▶ **Entries supplied**:
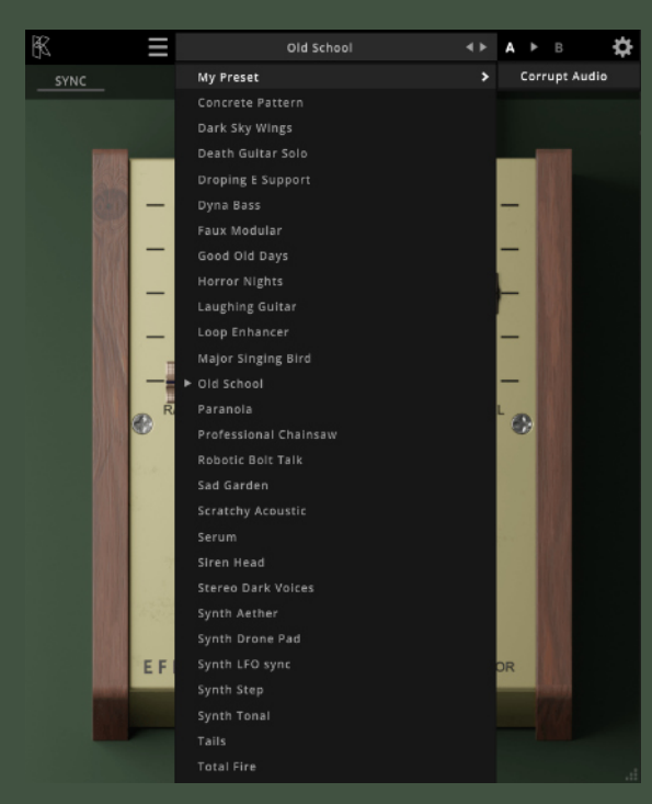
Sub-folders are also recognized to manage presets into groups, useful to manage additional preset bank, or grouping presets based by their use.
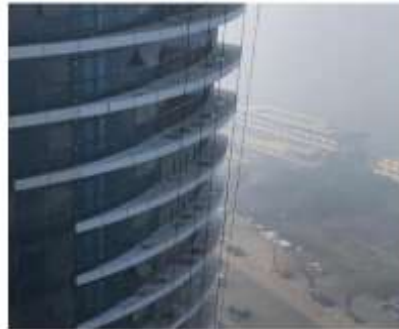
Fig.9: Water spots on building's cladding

--

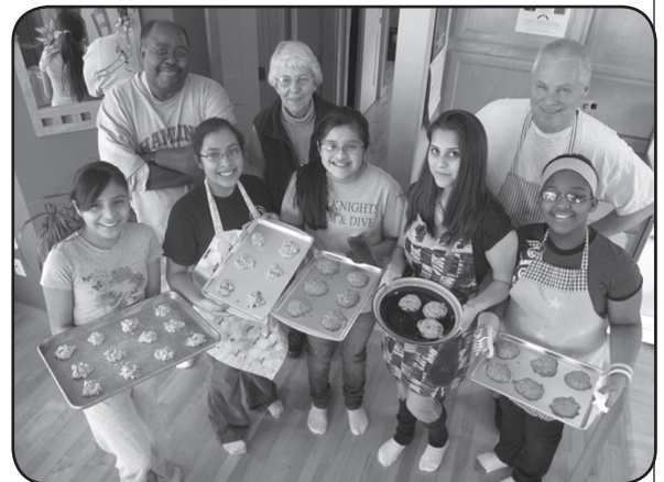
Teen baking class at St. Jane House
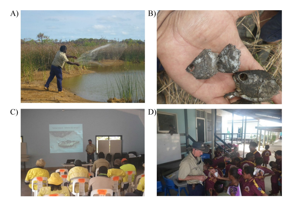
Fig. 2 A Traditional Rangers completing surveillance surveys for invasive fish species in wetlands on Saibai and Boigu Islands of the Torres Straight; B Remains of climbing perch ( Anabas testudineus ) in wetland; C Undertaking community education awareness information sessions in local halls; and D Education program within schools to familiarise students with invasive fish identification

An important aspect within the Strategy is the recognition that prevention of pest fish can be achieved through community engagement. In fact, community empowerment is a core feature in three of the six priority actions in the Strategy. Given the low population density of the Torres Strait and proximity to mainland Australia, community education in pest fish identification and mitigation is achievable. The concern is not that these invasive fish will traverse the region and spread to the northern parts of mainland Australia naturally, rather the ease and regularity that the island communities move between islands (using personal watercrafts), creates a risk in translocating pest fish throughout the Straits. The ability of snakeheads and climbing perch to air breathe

▶ **Exercise requirements**:
Reproduce the data above exactly, but only from the line containing "Sub-folders are also" through the line containing "Fig.9: Water spots on building's cladding"; skip the pictures.

▶ **Task solution**:
Sub-folders are also recognized to manage presets into groups, useful to manage additional preset bank, or grouping presets based by their use.
Fig.9: Water spots on building's cladding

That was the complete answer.